One needs to ascertain the reason of resorting to such tactics by India and ask, two pertinent questions – why now? and why this case? The answer lies partly in India’s internal landscape, where political pressure, economic vulnerabilities, and growing dissent are being managed through externalised blame. When the domestic narrative is collapsing, on unemployment, communal violence, and rural distress, resurrecting the specter of Pakistani terror offers a time-tested distraction.
Moreover, with India eager to reassert its regional dominance and bolster its security credentials ahead of elections or diplomatic engagements, a high-profile “confession” ticks every box. What’s equally concerning is the muted response of the international community.
The same democratic governments that demand due process and human rights at home appear willing to look the other way when India flouts both. Selective outrage, it seems, is the cost of doing business with a strategic partner. However, silence is complicity, especially when justice systems are weaponized, and truth is bent to serve nationalistic ends. If international norms are to mean anything, they must apply universally, not just when politically convenient.

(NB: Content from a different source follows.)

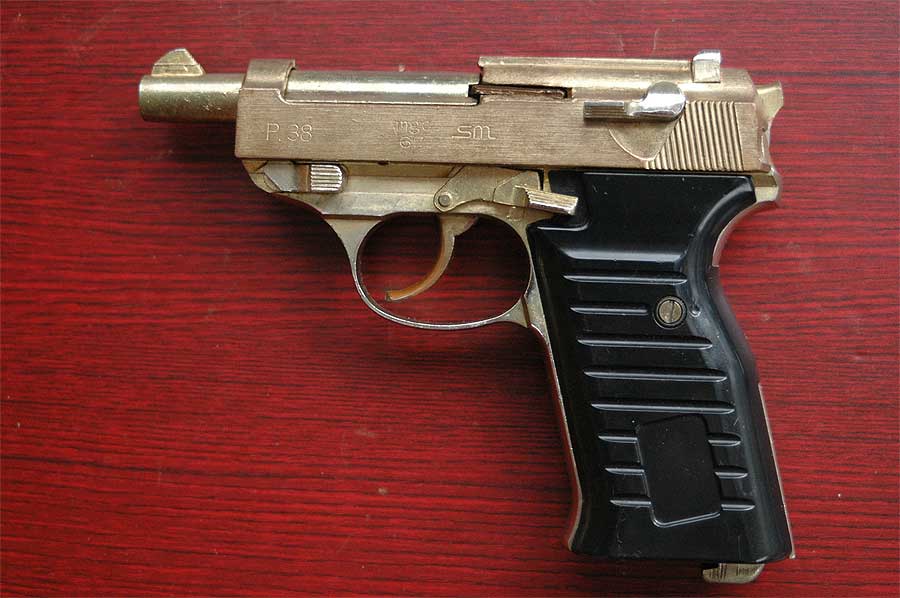 売るべき商品がなくなった中田商店は、早急にトイガンを作らなければなりませんでした。 そこで六人部氏が戦争博物館用に製作していたプラ製の拳銃を砂型に入れ アルミダイキャストモデル を急遽販売しました(亜鉛製との情報もあります)。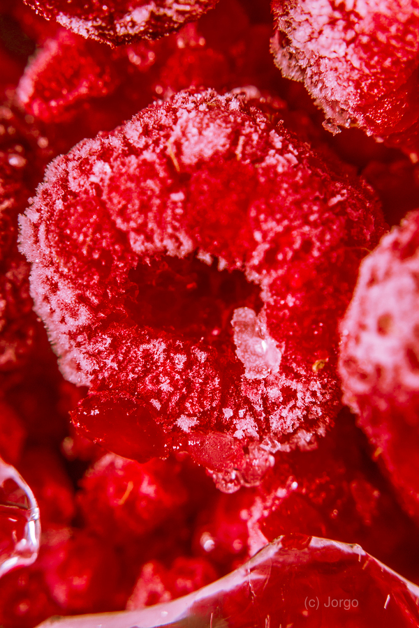 Close-up photograph of vibrant frozen raspberries in low DOF detail showing their icy texture and deep red hue

The Tahawwur Rana case, like the Afzal Guru episode before it, is not an isolated aberration. It reflects a well-worn and practiced pattern of Indian state conduct, one defined by habitual economy of truth, deceit, evidence fabrication, coercive confessions, and the strategic misuse of media and courts. The Indian state apparatus has perfected the art of turning unverified allegations into public verdicts, blurring the line between truth and propaganda with dangerous precision. This habitual distortion becomes even more glaring when viewed against the case of Commander Kulbhushan Jadhav, an actual serving officer of the Indian Navy, operating under the alias Mubarak Hussain Patel, who was apprehended inside Pakistan’s territory.
Kulbhushan was not a retired official or a diasporic businessman like Rana, he was a functioning asset of Indian intelligence, with direct undeniable ties to RAW and the National Security Adviser’s office, managing subversive operations in Balochistan and coordinating with terrorist proxies like the Balochistan Liberation Army (BLA). Unlike the shadowy allegations, India throws at civilians, Kulbhushan’s case presented hard evidence, recovered documents, video confession, and human intelligence, all pointing to state-sponsored terrorism by India on Pakistani soil. That is not conjecture, that is an act of war and yet, even as India continues to demand global sympathy over self-staged spectacles like Rana’s “confession,” it refuses to account for its own military officer caught red-handed conducting terrorism abroad. The hypocrisy is staggering, and if India insists on playing this game of falsohood, the least it can do is uphold a respectable standard of absurdity.
Lastly, India’s selective memory is deeply suspicious. The handling of the event of Taj Hotel attacks of 26/11, particularly the on-the-spot death of ATS Chief Hemant Karkare, remains an enduring mystery. Karkare had unearthed dangerous links between Hindutva terror cells and domestic attacks, and his sudden death during the Mumbai siege, conveniently removed a threat, not to national security, but to the internal contradictions of the glaring falsehood of Indian Security Narrative.